Rappelons nous cette phrase de Marc et de Matthieu : « Le fils de l’homme est venu non pour
être servi mais pour servir. » Et le Jésus de Luc qui dit (22) « Et moi je suis au milieu de vous
à la place de celui qui sert ». Ce lavement des pieds rappelle à chaque disciple de Jésus que
son rôle est de servir et que l’aspiration à rejoindre Dieu passe par lhumble souci des
hommes, par un renversement des tendances naturelles pour que chacun parvienne à se
considérer comme serviteur de ses semblables.
A la fin du récit Jésus dit : vous m’appelez Seigneur et Maitre. Le mot « Seigneur », Kurios,
marque le respect que l’on doit aux personnes importantes. Jésus se reconnaît donc comme
important et respectable, du moins l’évangéliste Jean qui le fait parler. C’est pourquoi il se
fait serviteur. Le mot maître est la traduction du grec Didascalos qui doit être entendu dans le
sens d’enseignant. Et ainsi l’enseignement de Jésus n’est pas purement verbal. Comme
toujours, il est accompagné de son engagement. Je vous recommande, mais je le fais aussi, je
vous montre l’exemple. Vous devez vous aussi vous laver les pieds les uns les autres.
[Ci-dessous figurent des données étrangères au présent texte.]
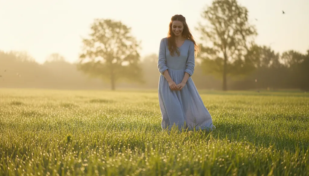 The morning dew glistens on the green grass like tiny diamonds.
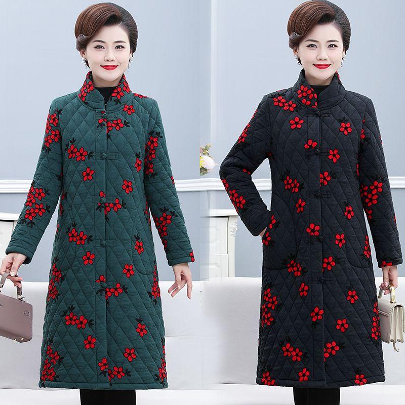 Хлопковое пальто с вышивкой в китайском стиле для женщин среднего возраста, утепленная теплая длинная куртка с застежками-лягушками

Ainsi Jésus n’a pas institué un nouveau rituel mais encouragé ses amis à rendre aux hommes
les services les plus courants, même s’ils sont humiliants.
Toi qui a marché toute la journée dans la ville, je m’abaisserai à tes pieds, je serai ton
serviteur, je te remettrai en forme. Je te purifierai.
Jésus, pain de Dieu qui vient du ciel, sagesse de Dieu, Logos, nourriture céleste, nouvelle
manne qui tombe dans le désert de nos existences. Mais aussi Jésus serviteur de l’extrême,
chassant la poussière de la terre et trouvant des formes inattendues pour montrer jusqu’où
peut se loger l’amour de l’humanité. Voila les deux figures que veut laisser Jésus avant de
reprendre son chemin vers le Golgotha, sa marche vers les hauteurs du Père.
Ce que je fais pour vous, faites le vous aussi pour les autres.